Below are some records. Quote exactly the lines from the one that contains "Informations essentielles de cette Zoe" through the last, both included, and leave out the pictures.

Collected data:
···

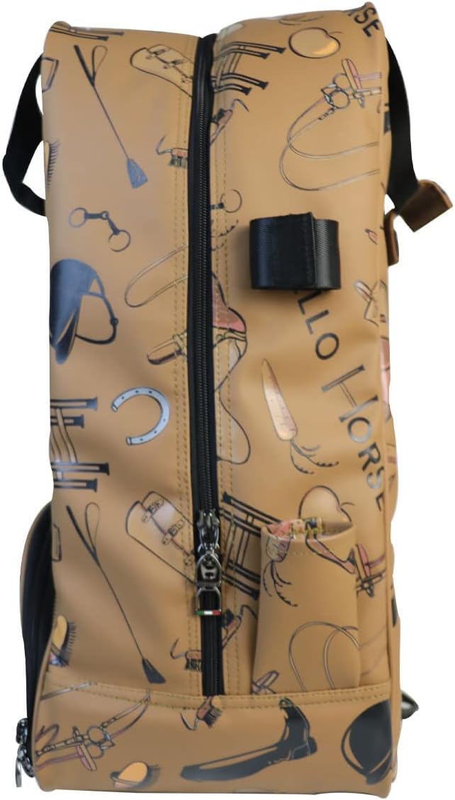 UNISTRENGH Professional Horse Riding Boot Carry Bag Helmet Bag Portable PU Leather Equestrian Horse Riding Backpack with Hat CompartmentStructure:1. Material: PU leather, waterproof and tear resistance. 2. Separate pocket for boots. Helmet pocket and built-in accessories pocket at the front3. Horse whip pocket at one side, the main bag for the horse breeches and gloves pocket etc4. Thicken and waterproof liner 5. Comfortable soft carry handle6. Adjustable and removable shoulder strapGreat suitable for horse riding, hunting,camping,traveling,riding games,etc Feature:1. Made of high-quality waterproof pu leather, tear resisting and durable, also good waterproof effective.2. Large Capacity,Big Space. There is a helmet compartment in the side of the equestrian bag,can placed knight helmet and accessories.3.This product is great for keeping essentials together, this padded gear bag accommodates boots, riding hat and whip in separate sections.Dimension:Horse riding boot carry bagFull Size:17.71''L x 20.86''H×7.87''W (45×53×20cm)Helmet compartment: 7.87''L x 11.81''H x 5.9''W(20x30x15cm)Equestrian backpackFull Size:13.38''L x 20.08''H×7.08''W (34×51×18cm)Package Included:1× Equestrian BagPls Notes:1. Pls pay attention to the size before purchasing.2. Tolerance: manual measurement, within 0.39"-0.79" deviation3. About color: as a result of shooting light and display different factors,in kind with the picture there is some color difference, please understand. In kind, we will try our best to adjust the color of the product to minimize the error.
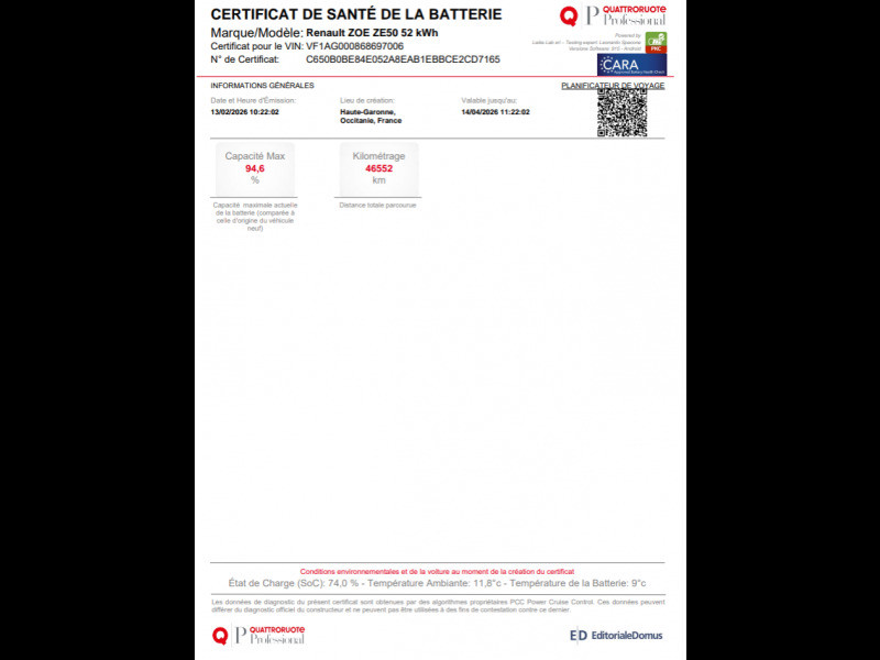 Informations essentielles de cette Zoe
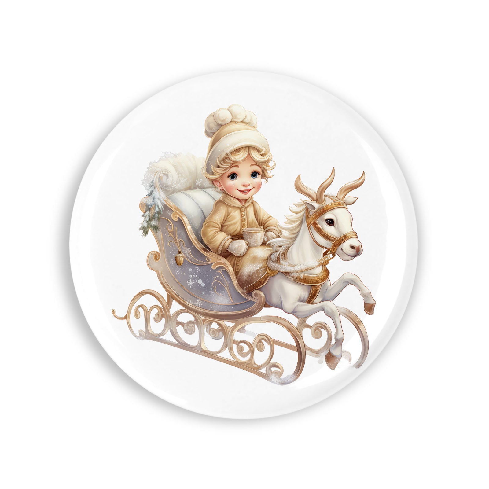 - Set 4 insigne, Copil in saniuta de craciun, NO2609, Metal, 44 mm, Multicolor
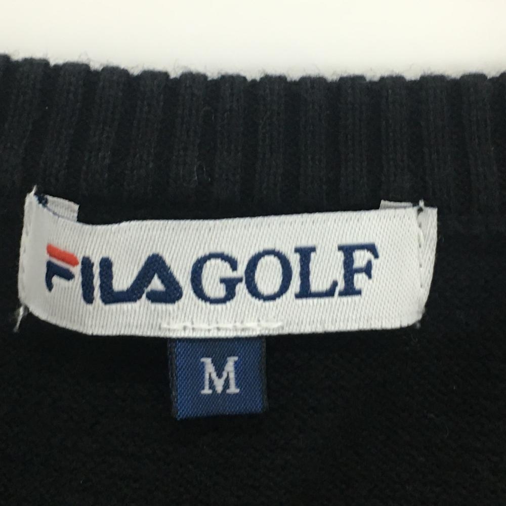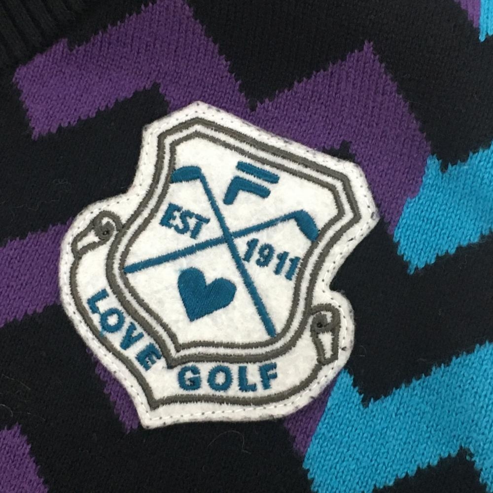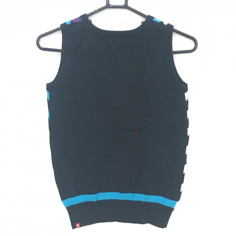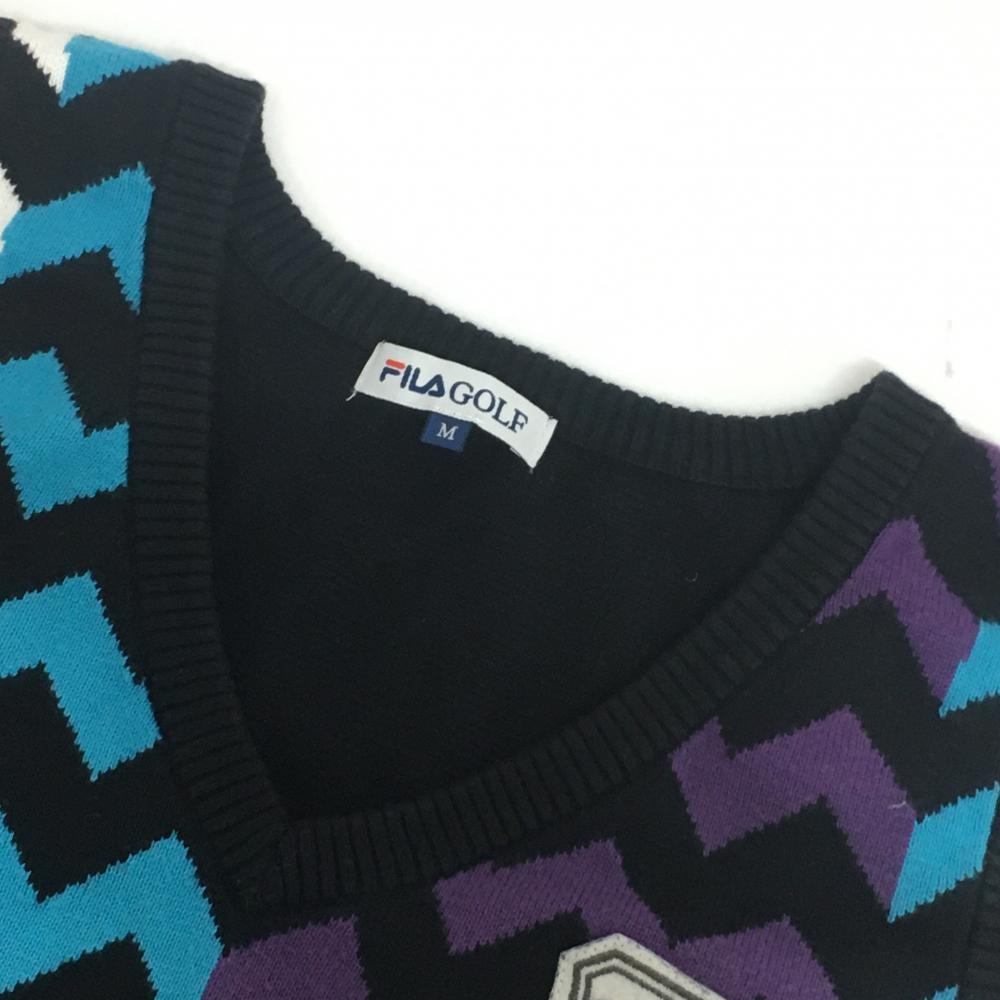 【美品】フィラゴルフ ニットベスト 黒×パープル×ブルー Vネック ギザギザ柄 レディース M ゴルフウェア FILA GOLF
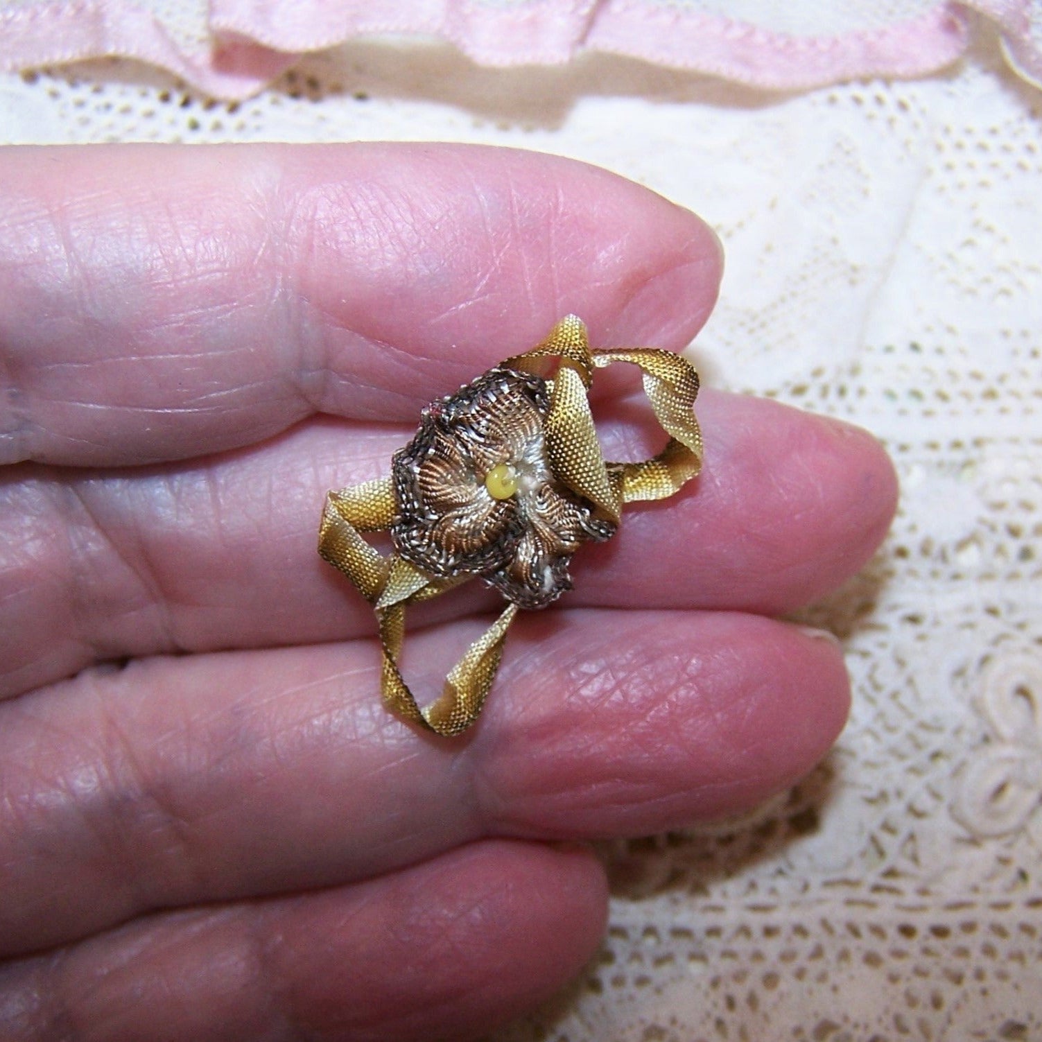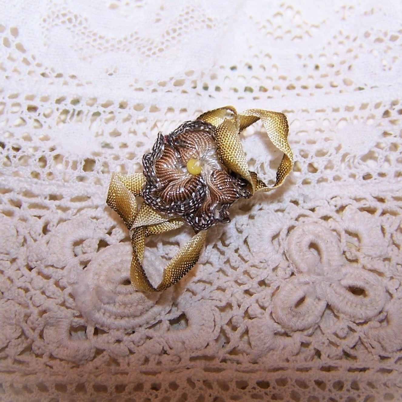 From an old Art Deco era French coverlet, here's a single Mustard Yellow ombre ribbon floral set with a single yellow glass seed bead at the center. With ochre ombre loopy leaves, the ribbon piece measures 1" wide (loopy end to end) x 9/16" high. The floral alone measures 1/2" x 1/2". Entirely hand sewn on crinoline. Just a small piece that I am sure can be used on a piece of dolls clothing.
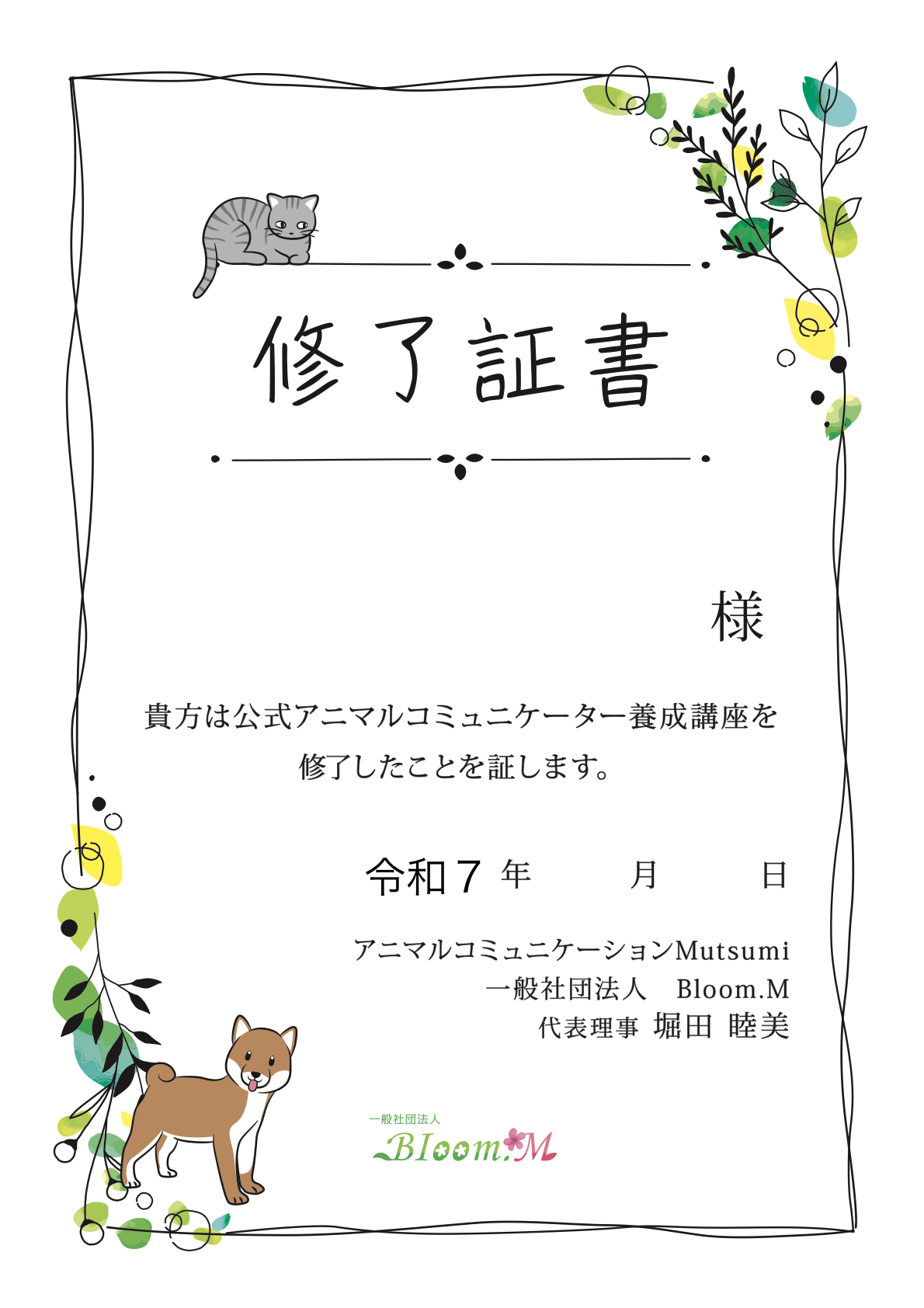 アニマルコミュニケーションの技術習得にとどまらず、「人に伝える」「育てる」「仕事として形にしていく」ための知識を学べる内容となっており、プロフェッショナルとして活動を広げていきたい方に適した講座です。
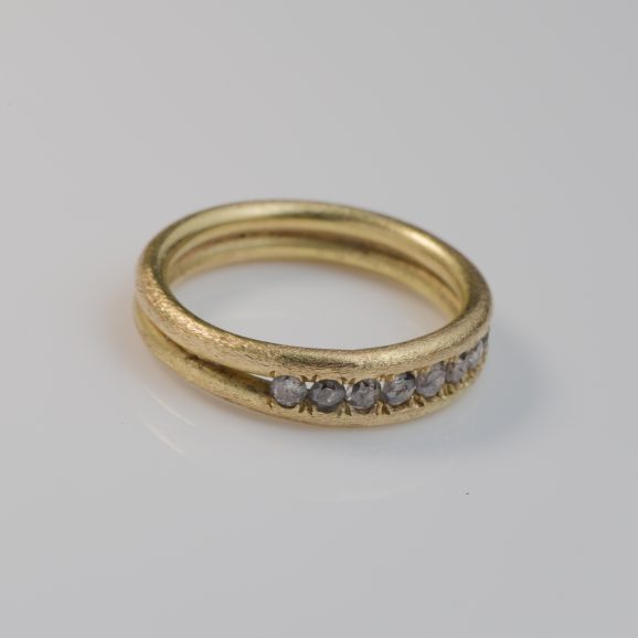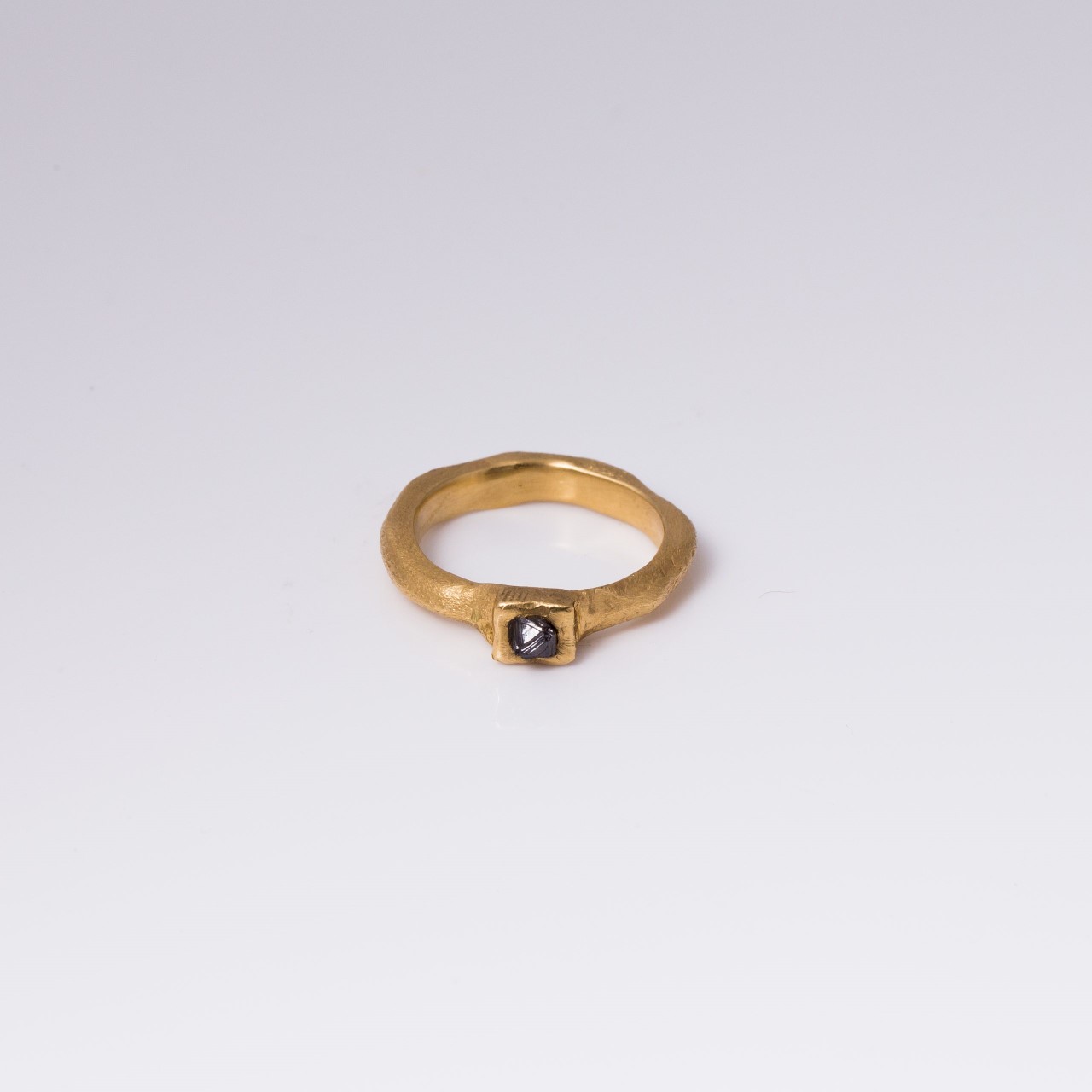 מפוסלת בעבודת יד בגימור גולמי־אורגני. משובצת יהלום גולמי טבעי במשקל 0.7 קראט –

···

**Problem solution**
 Informations essentielles de cette Zoe
 - Set 4 insigne, Copil in saniuta de craciun, NO2609, Metal, 44 mm, Multicolor
 【美品】フィラゴルフ ニットベスト 黒×パープル×ブルー Vネック ギザギザ柄 レディース M ゴルフウェア FILA GOLF
 From an old Art Deco era French coverlet, here's a single Mustard Yellow ombre ribbon floral set with a single yellow glass seed bead at the center. With ochre ombre loopy leaves, the ribbon piece measures 1" wide (loopy end to end) x 9/16" high. The floral alone measures 1/2" x 1/2". Entirely hand sewn on crinoline. Just a small piece that I am sure can be used on a piece of dolls clothing.
 アニマルコミュニケーションの技術習得にとどまらず、「人に伝える」「育てる」「仕事として形にしていく」ための知識を学べる内容となっており、プロフェッショナルとして活動を広げていきたい方に適した講座です。
 מפוסלת בעבודת יד בגימור גולמי־אורגני. משובצת יהלום גולמי טבעי במשקל 0.7 קראט –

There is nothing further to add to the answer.